А  Б  В  Г  Д  Е  Ж  З  И  Й  К  Л  М  Н  О  П  Р  С  Т  У  Ф  Х  Ц  Ч  Ш  Щ  Э  Ю  Я  

 


С годами она сделалась богомольной. В новом доме, устраивая свою спальню в нижнем этаже, она не пустыми безделушками убрала комнату, не фарфоровыми расписными тарелочками и картинками с каульбаховскими красотками, – нет; слоновой кости распятие старой, грубоватой немецкой работы и дюреровский «Иероним в келье» со львом – вот что украсило ее немного темноватое, с низким потолком обиталище на Мало-Садовой.
– Да что с тобой, Тереза? – удивлялся Дуров. – Откуда это у тебя? Прости, не пойму…
– Ах, Тола (она называла его Т о л а ), – кротко улыбалась. – Твой Акулина сделался старый… Что понимать?

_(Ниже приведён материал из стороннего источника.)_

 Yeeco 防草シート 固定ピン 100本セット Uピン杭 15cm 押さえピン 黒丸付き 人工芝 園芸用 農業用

Она часто в разговоре с ним звала себя «твой Акулина». Вспоминала те далекие годы, когда сделалась вдруг клоунессой и работала в паре с ним под именем Акулины Дуровой. Размалеванное мелом и синькой лицо, колпак с бубенчиками, шаровары, нелепый, смешной балахон. Дурацкие прыжки, сальто-мортале; дребезжащим, противным голосом кричала: «Эй, юхнем!» – и публика ржала, была довольна ее противоестественным, не женским нарядом, дурацкими прыжками. И, главное, о н был доволен, – чего же еще она могла желать? Да прикажи он ей изобразить петуха Шантэклера, из модной ростановской комедии, – она и петуха с радостью изобразила бы. Лишь бы л и б е р Т о л а был доволен.
Став богомольной, однако, не сделалась ханжой, была прежней Терезой – умницей, практичной хозяйкой, матерью. Это последнее и возвышало ее до святого сияния мадонны.

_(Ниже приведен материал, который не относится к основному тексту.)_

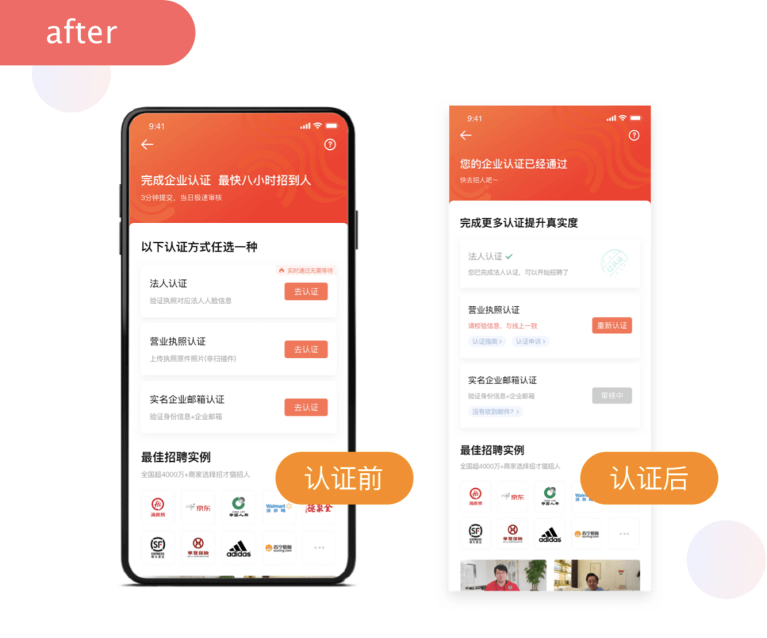 1、顶部用大面积的橘红色来吸引用户关注,传递重要信息:“完成认证你便可最快在8小时内招到人”。直接告诉用户,完成认证可以帮你提升招聘效率。

Однажды он спросил – хорошо ли она устроилась в своих комнатах, может быть, ей чего-нибудь не хватает. Она поглядела долгим взглядом.

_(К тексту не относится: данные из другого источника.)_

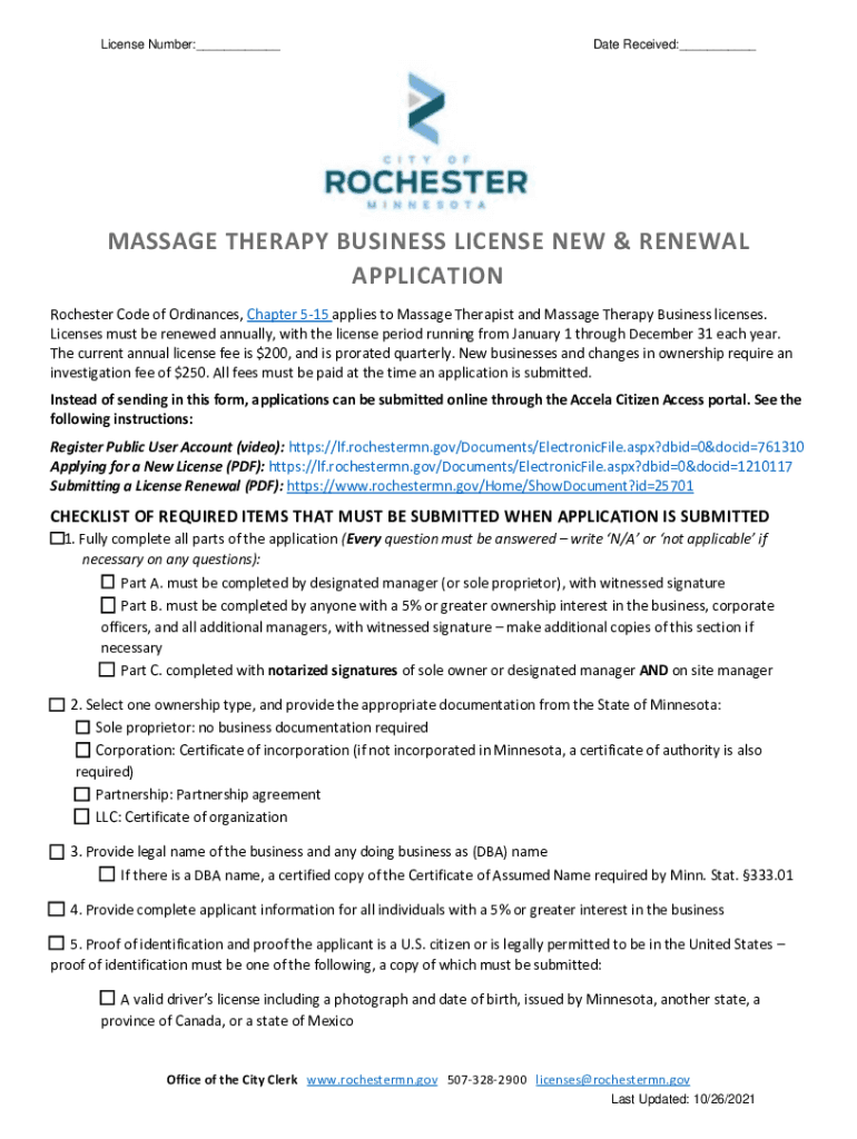 License Number:___Date Received:___MASSAGE THERAPY BUSINESS LICENSE NEW & RENEWAL APPLICATION Rochester Code of Ordinances, Chapter 515 applies to Massage Therapist and Massage Therapy Business licenses.

– Хватает, – вздохнула. – Но если б в окнах спальни сделать цветные стекла – красные, синие, желтые… как в церкви…
Вспомнила старенькую кирху в родном городишке, что-то далекое, из детства.
Он нежно обнял ее. «Милая, – шепнул, – милая…» – и неожиданно – по-русски:
– Лапушка…
Цветные стекла были вставлены. Они отлично связались со святым Иеронимом и распятием. Тереза радовалась, как девочка. Красивым стеклам, конечно, но еще больше вниманию мужа, его ласковым словам.
– Ты у меня, – сказал Дуров, – подлинная артистка.
А на втором этаже все было куда как проще, без цветных стекjл. Без сентиментальных воспоминаний. Довольно откровенно.
Там иной раз граммофон рыдал цыганщину. На черном диске вертелся толстый мальчишка с крылышками, гусиным пером записывал Варю Панину или даже начавшую входить в моду очаровательную госпожу Вяльцеву.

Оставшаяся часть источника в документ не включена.